NVIDIA's InstCombine in CICC v13.0 is approximately twice the size of upstream LLVM's, weighing in at roughly 405 KB for the main visitor alone. The monolithic visitor function at sub_10EE7A0 dispatches across 80 unique opcode cases through a three-level switch structure, handling standard LLVM instructions, NVIDIA-extended vector and FMA operations, and three high-opcode NVVM intrinsic dead-code elimination patterns. A separate 87 KB intrinsic folding function (sub_1169C30) handles NVVM-specific canonicalization, and a 127 KB computeKnownBits implementation (sub_11A7600) provides the dataflow backbone. This page covers the visitor architecture, the per-instruction-type visitors recovered from the binary, and the NVIDIA-specific extensions that distinguish this implementation from upstream.

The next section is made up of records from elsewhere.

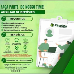 Comercial Risadinha seleciona Auxiliar de depósito, Ajudante de Motorista, Auxiliar contábil; Envie seu currículo!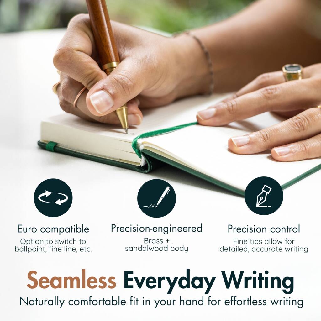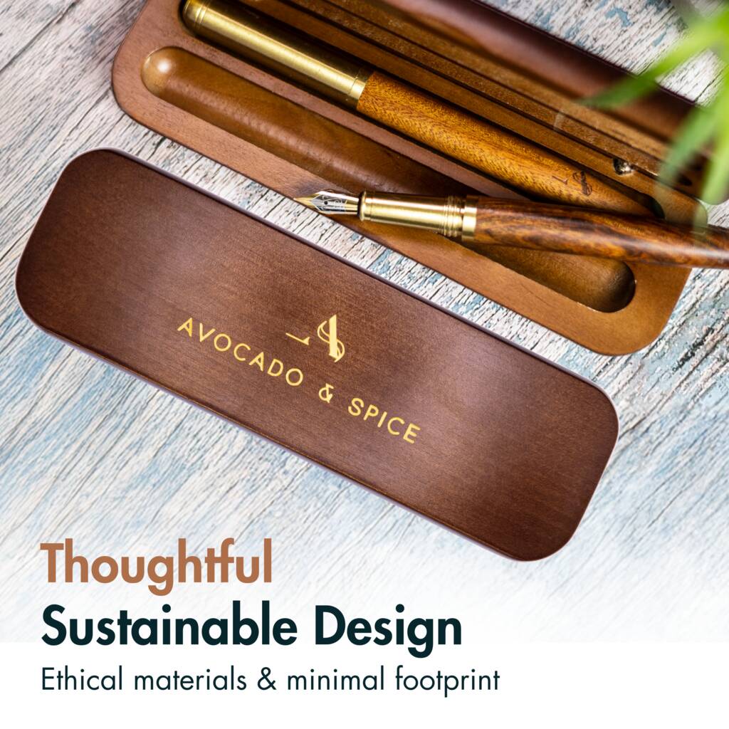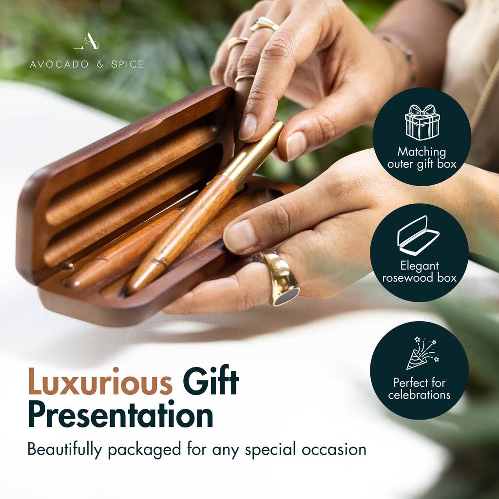 A handcrafted writing set featuring a fountain pen and rollerball in polished Sandalwood. Elegant, practical, and beautifully presented for gifting.The Avocado & Spice Sandalwood Pen Set combines timeless craftsmanship with everyday practicality. Each set includes a fountain pen with a medium stainless steel nib and a rollerball pen for smooth, effortless writing. Both are crafted from polished Sandalwood with brass details for a warm, elegant finish.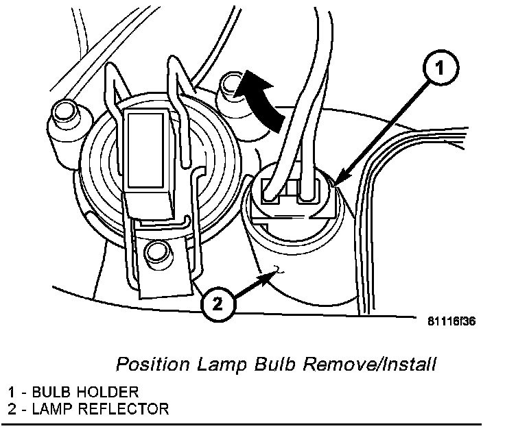 2. Push the position lamp bulb holder straight into the mounting hole in the front lamp unit reflector.
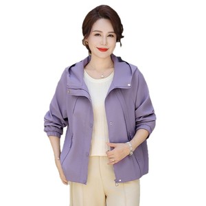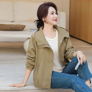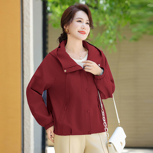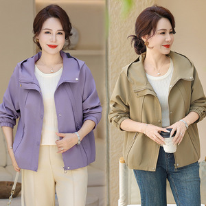 中老年女装春秋季休闲长袖连帽外套妈妈装修身宽松百搭大码夹克衫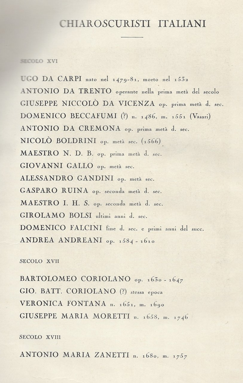 La xilografia a chiaroscuro italiana nei secoli XVI, XVII, e XVIII.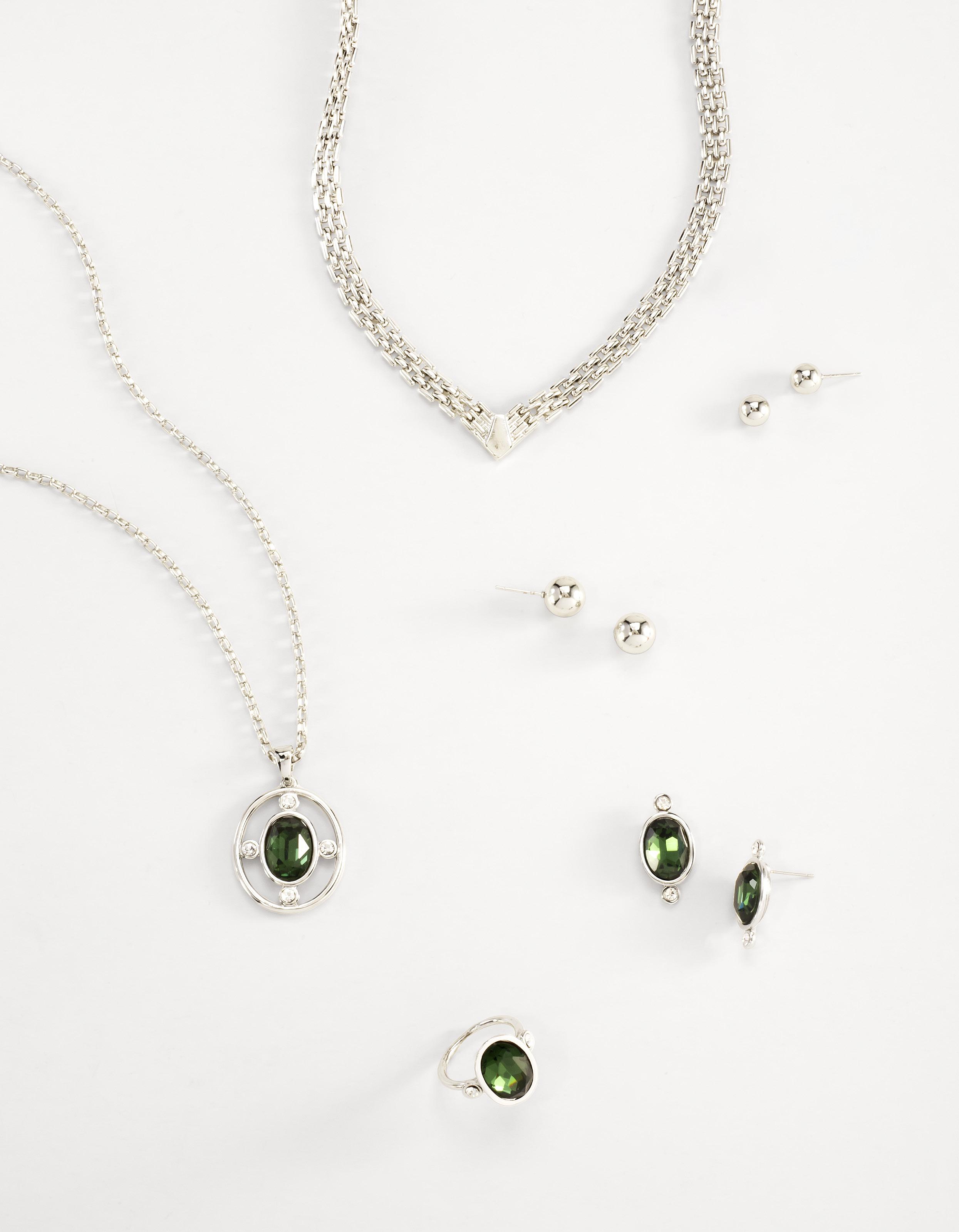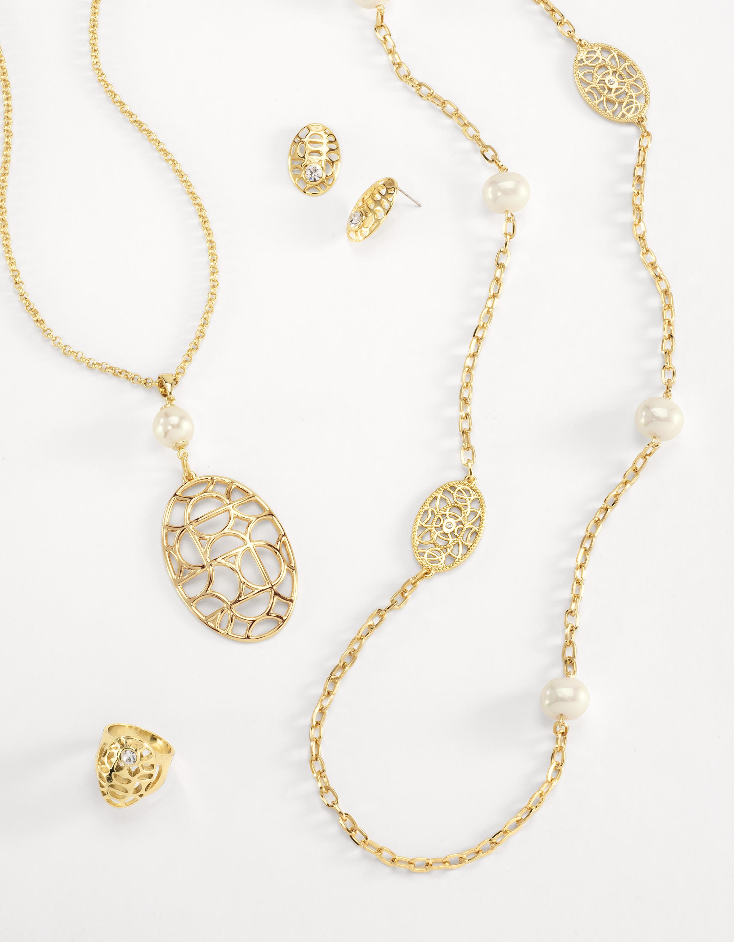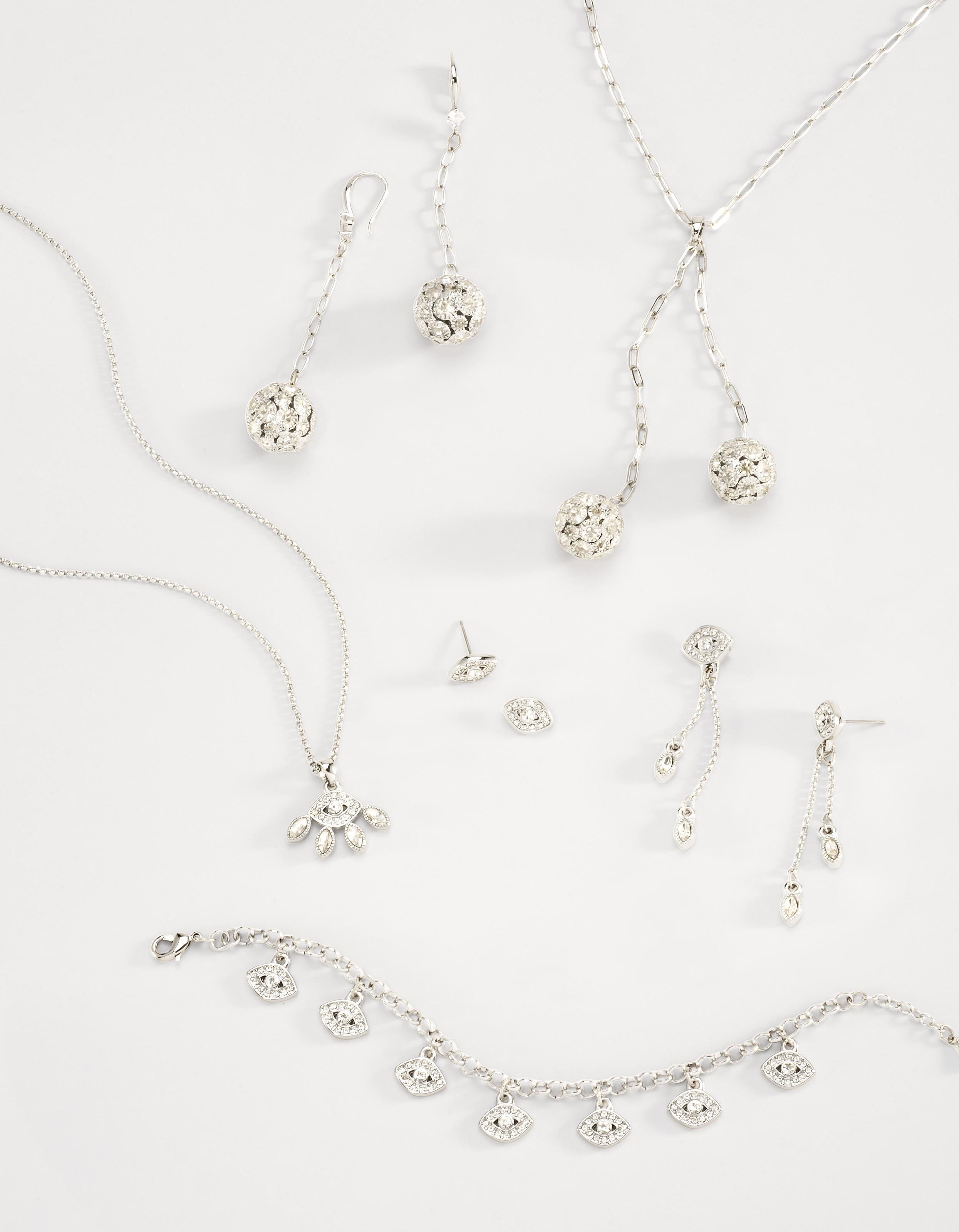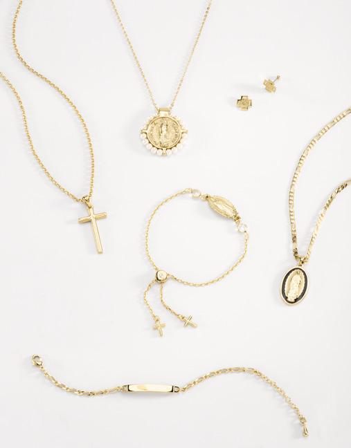 Crystal stones and/or Nicestone / Piedras de cristal y/o Diamonice. Gold, rhodium, platinum or cobalt plated jewerly / Joyería con 4 baños de oro de 18 kilates, platino o cobalto. *Stones and pearls may vary in color /*El tono del color de las piedras o perlas puede variar.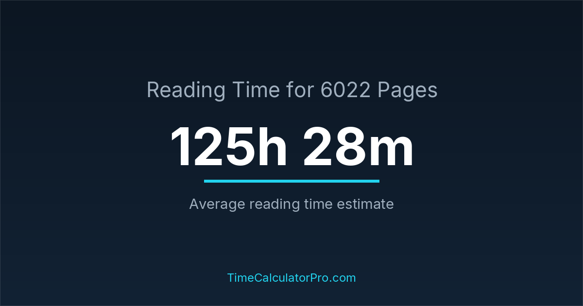 The estimated time to read 6022 pages is approximately 125 hours and 28 minutes for an average adult reader.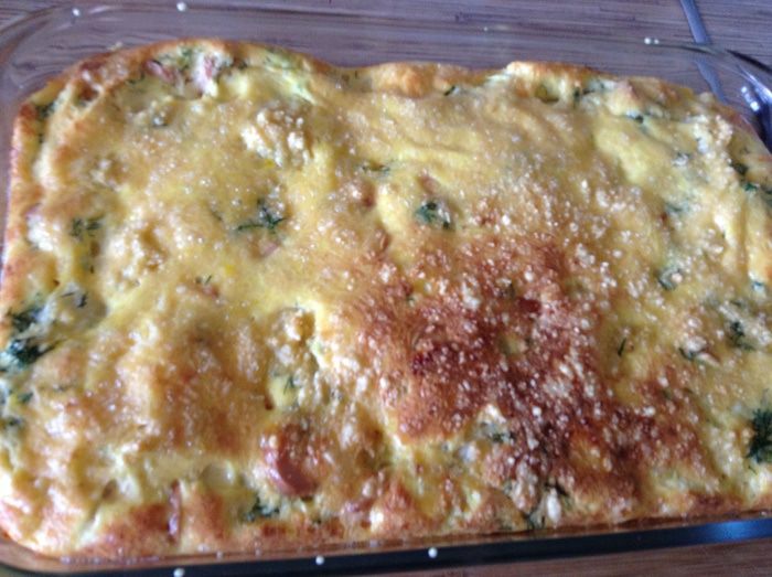 Присыпать тертым сыром, поставить в духовку при 190С на 25-30 минут. Нарезать на порционные куски. Приятного завтрака.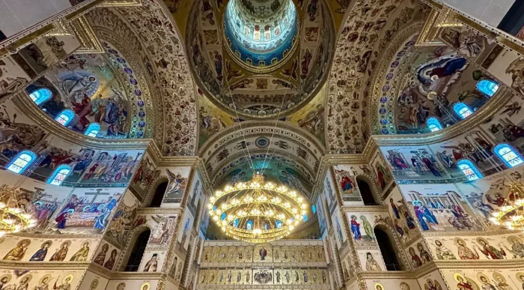 Vitralii uriașe, mozaic de Murano și icoane cu foiță din aur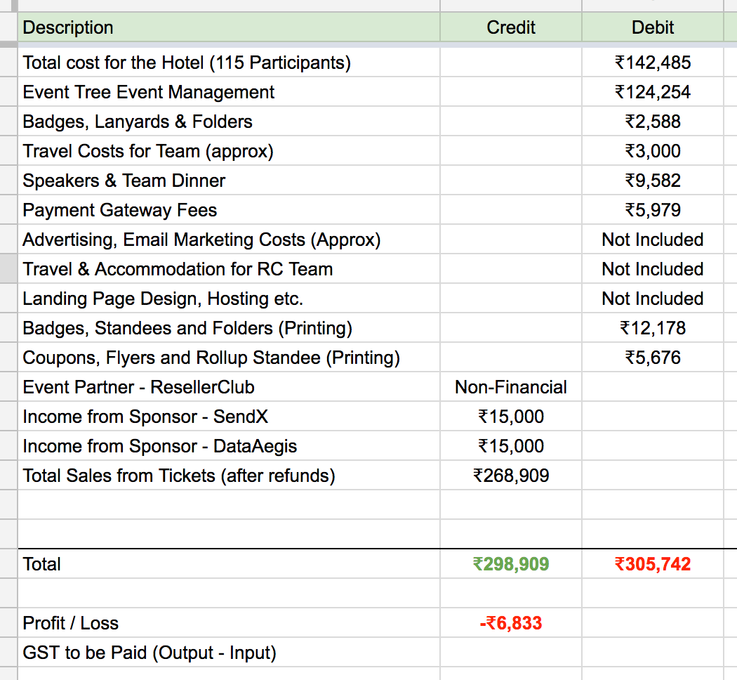 So here’s a glimpse of the accounts we finalized for HighTraffic Summit™ Bangalore. We are at a loss of ₹6,833. But we are doing this for the first time and we are building our brand and the community.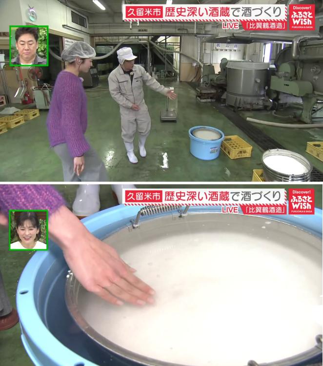 大久保リポーターは、発酵途中の「純米吟醸のもろみ」を特別に試飲させていただきました。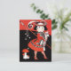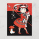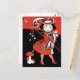 Dibujo negro, rojo y blanco de una niñita mirando sobre su hombro con un abrigo rojo, medias de redes de pesca, tacones altos y un gorra elegante. Dibujo del caricaturista italiano Antonio Rubino para la portada de la revista infantil "Il giornalino della Domenica", 1909.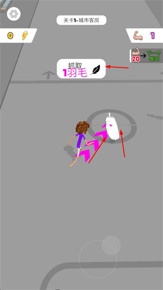 1、在城市客房關(guān)卡,抓取羽毛。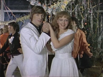 He was so fond of such a fashionable bow that they began to use it in films that have absolutely nothing to do with the disco style. Recall the troubadour from the "Bremen Town Musicians", who in one of the episodes appears in a white suit with a light flare on his pants. Or the hero of Alexander Abdullov - Ivan Pukhov - from the film "Wizards", which appeared at the ball in the same way in a white suit and black shirt. And it cannot be said that this image did not suit them. However, even such classics were very actively and shamelessly diluted with paints and bright accessories.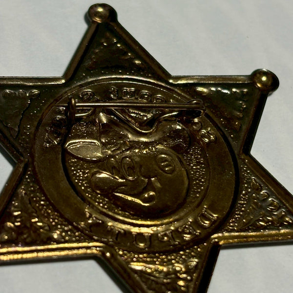 こちらは、レディ・キロワットをモチーフにしたウエスタンバッジです。直径約6.5cmと程よいサイズ感で、存在感がありながらも主張しすぎず、身に着けてもディスプレイしても楽しめるアイテムです。ウエスタン調の縁取りデザインが、アメリカンヴィンテージらしい空気感を一層引き立てています。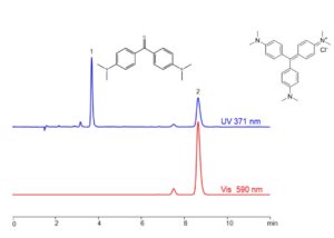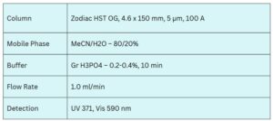 Michler’s ketone and Crystal Violet can be separated, retained, and analyzed on a Zodiac HST OG mixed-mode stationary phase column using an isocratic mobile phase of water, acetonitrile (MeCN), and sulfuric acid (H₂SO₄) as a buffer. Detection is performed in the UV-Vis range at 540, 590, and 200 nm.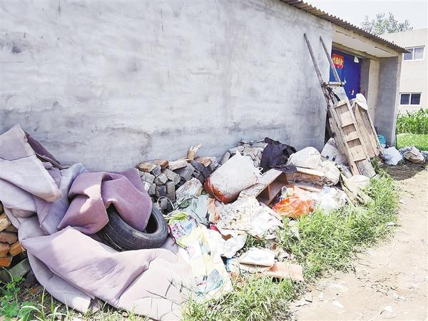 示范区许湾办事处东翟桥村村北居民屋后存在垃圾和废弃物堆放现象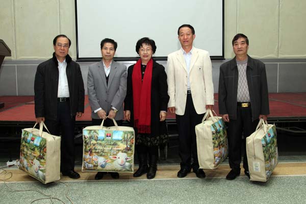 在欢快的气氛中,崔建星副书记为退休职工代表发放退休纪念品,并与大家合影留念。
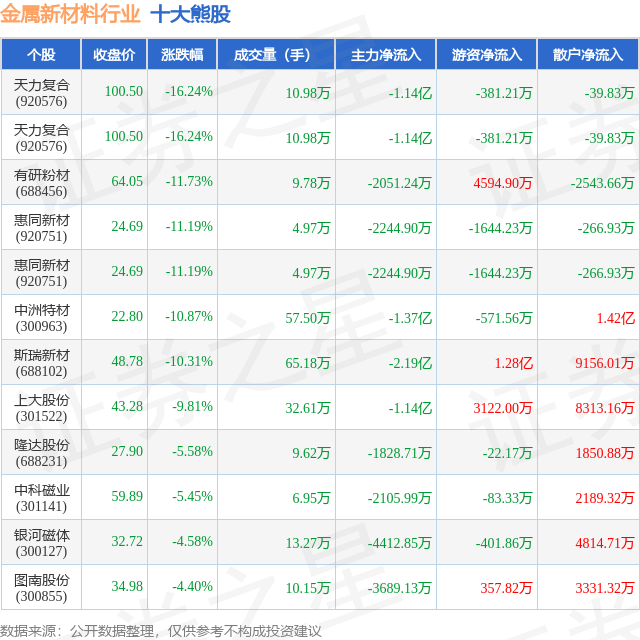 个股表现方面,金属新材料行业当日领跌股为天力复合(920576),该股当日报收100.5,下跌16.24%,成交量10.98万,主力资金净流出1.14亿元。天力复合(920576)以下跌16.24%紧随其后,该股当日成交量10.98万,主力资金净流出1.14亿元。除此之外,有研粉材(688456)、惠同新材(920751)、惠同新材(920751)均进入当日熊股之列。具体个股列表见下表: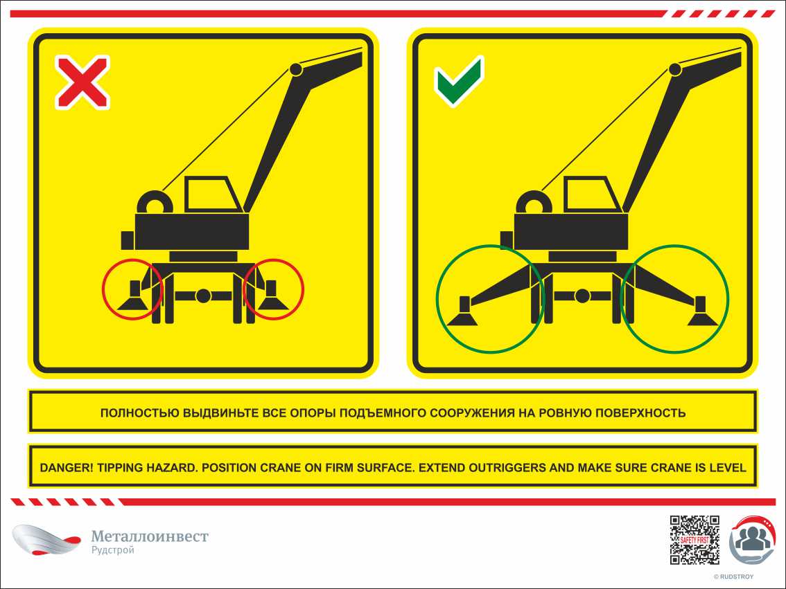Мультиязычный знак безопасности - Полностью выдвиньте все опоры подъемного сооружения на ровную поверхность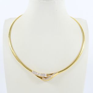 1 800 / 2 000 €Collier : en or 750 mil. À maille oméga centrée d'un motif enlacé serti de diamants brillantés. Fermoir cliquet. (Longueur : 43 cm environ). 33,4 g. brut.

| Registration | New PM #398, parameterized: no-aggressive-aggregate-splitting;...;max-iterations=N |
| Runtime positions | Tier 0 #28 (via sub_19401A0); Tier 1/2/3 #42 (gated by !opts[1000]); see Pipeline |
| Main visitor | sub_10EE7A0 (0x10EE7A0, ~405 KB, 9,258 lines) |
| Intrinsic folding | sub_1169C30 (0x1169C30, ~87 KB, 2,268 lines) |
| computeKnownBits | sub_11A7600 (0x11A7600, ~127 KB, 4,156 lines) |
| SimplifyDemandedBits | sub_11AE870 / sub_11AE3E0 (wrapper + hash table) |
| Opcode cases | 80 unique case labels across 3 switch blocks |
| NVIDIA extra size | ~200 KB beyond upstream (~87 KB intrinsic fold + ~113 KB expanded cases) |
Visitor Architecture
The main visitor sub_10EE7A0 receives an NVVM IR node pointer (__m128i* a2) and attempts to simplify it. A persistent local v1612 aliases the instruction being visited. The function has four structural regions:
Preamble (lines ~1760--2000) performs pre-dispatch checks: validating call-site attributes (opcode 41 for bitwise-assert), handling ternary FMA instructions (opcodes 238--245), checking for constant-foldable select patterns, canonicalizing operand ordering (constant to RHS), and running SimplifyDemandedBits via sub_11A3F30 on the result type.
Opcode dispatch reads the NVVM opcode via sub_987FE0 (getOpcode) and uses a three-level switch:
| Switch Level | Opcode Range | Description |
|---|---|---|
| Level 1 | 0x99--0x2A5 (main) | Standard LLVM instructions (GEP, select, stores, casts, compares, calls, vectors) |
| Level 2 | 0x01--0x42 (low) | Binary operations, casts, early comparisons |
| Level 3 | > 0x13CF (high) | NVIDIA proprietary intrinsic IDs (9549, 9553, 9567) |
Additional if-else chains handle intermediate ranges: opcodes 0xC7E (3198), 0x2E2 (738), 0x827 (2087), 0x2CC (716), 0xE07--0xE08, 0xE4F--0xE51, 0x13C6--0x13C7, and 0x13CD--0x13CE.
The fallback path at LABEL_95 calls sub_F0C430 for generic simplification. The no-change return path at LABEL_155 is referenced 101 times throughout the function.
Per-Instruction Visitors
Each major instruction type is handled by a dedicated visitor function called from the main dispatch. The following table summarizes the recovered visitors with their sizes and key characteristics.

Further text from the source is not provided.